Interpretation of Ligand-Based Activity Cliff Prediction Models Using the Matched Molecular Pair Kernel

Shunsuke Tamura; Swarit Jasial; Tomoyuki Miyao; Kimito Funatsu

doi:10.3390/molecules26164916

Interpretation of Ligand-Based Activity Cliff Prediction Models Using the Matched Molecular Pair Kernel

Molecules. 2021 Aug 13;26(16):4916. doi: 10.3390/molecules26164916.

Authors

Shunsuke Tamura¹, Swarit Jasial^{1

2}, Tomoyuki Miyao^{1

2}, Kimito Funatsu²

Affiliations

¹ Graduate School of Science and Technology, Nara Institute of Science and Technology, 8916-5 Takayama-cho, Ikoma 630-0192, Japan.
² Data Science Center, Nara Institute of Science and Technology, 8916-5 Takayama-cho, Ikoma 630-0192, Japan.

Abstract

Activity cliffs (ACs) are formed by two structurally similar compounds with a large difference in potency.
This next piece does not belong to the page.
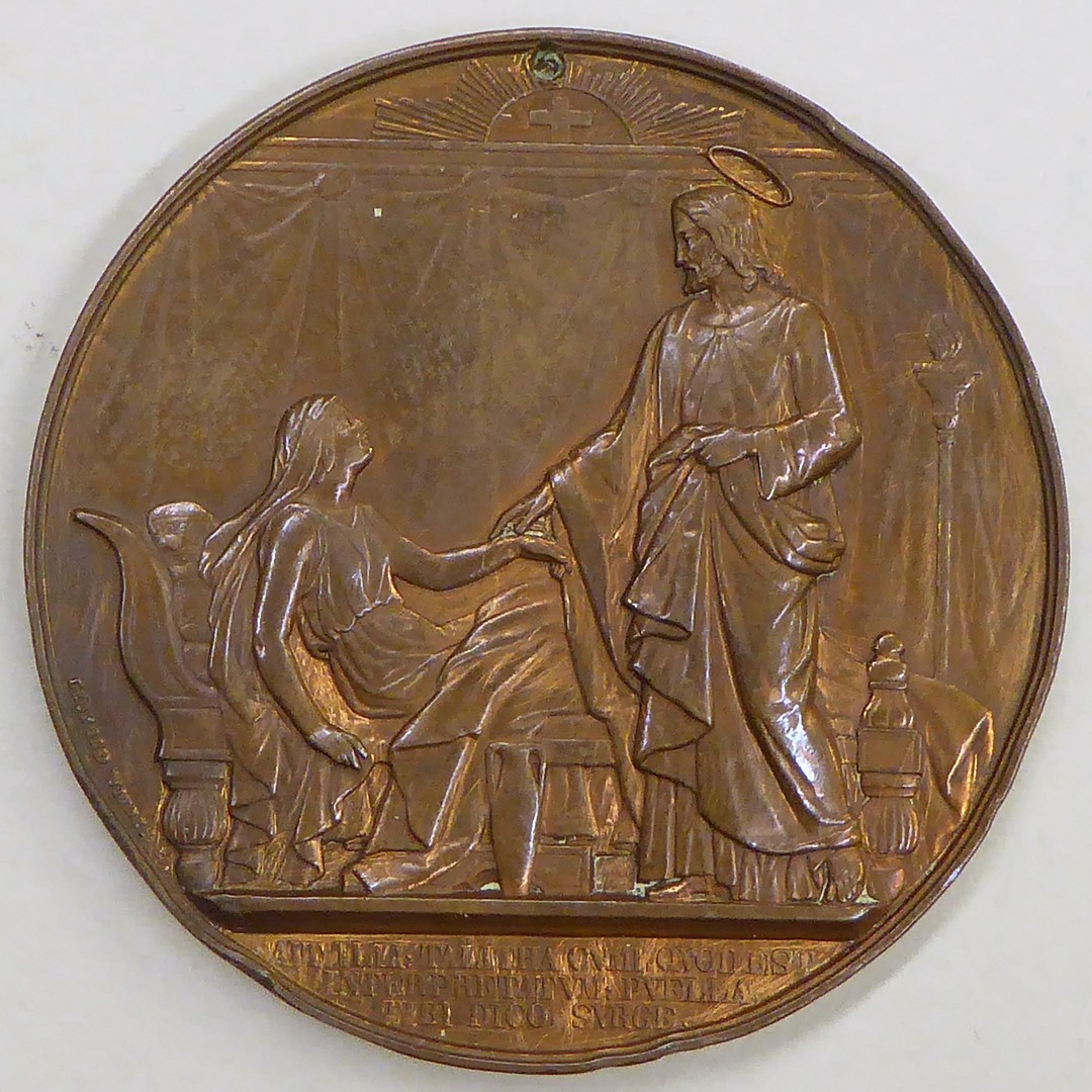 Legpenning 'Herstel bisschoppelijke hiërarchie in Nederland' met Christus geneest dochter Jairus

Accurate AC prediction is expected to help researchers' decisions in the early stages of drug discovery. Previously, predictive models based on matched molecular pair (MMP) cliffs have been proposed. However, the proposed methods face a challenge of interpretability due to the black-box character of the predictive models. In this study, we developed interpretable MMP fingerprints and modified a model-specific interpretation approach for models based on a support vector machine (SVM) and MMP kernel. We compared important features highlighted by this SVM-based interpretation approach and the SHapley Additive exPlanations (SHAP) as a major model-independent approach. The model-specific approach could capture the difference between AC and non-AC, while SHAP assigned high weights to the features not present in the test instances. For specific MMPs, the feature weights mapped by the SVM-based interpretation method were in agreement with the previously confirmed binding knowledge from X-ray co-crystal structures, indicating that this method is able to interpret the AC prediction model in a chemically intuitive manner.

Keywords: SHapley Additive exPlanations; activity-cliff; chemoinformatics; matched molecular pair; model interpretation; support vector machine.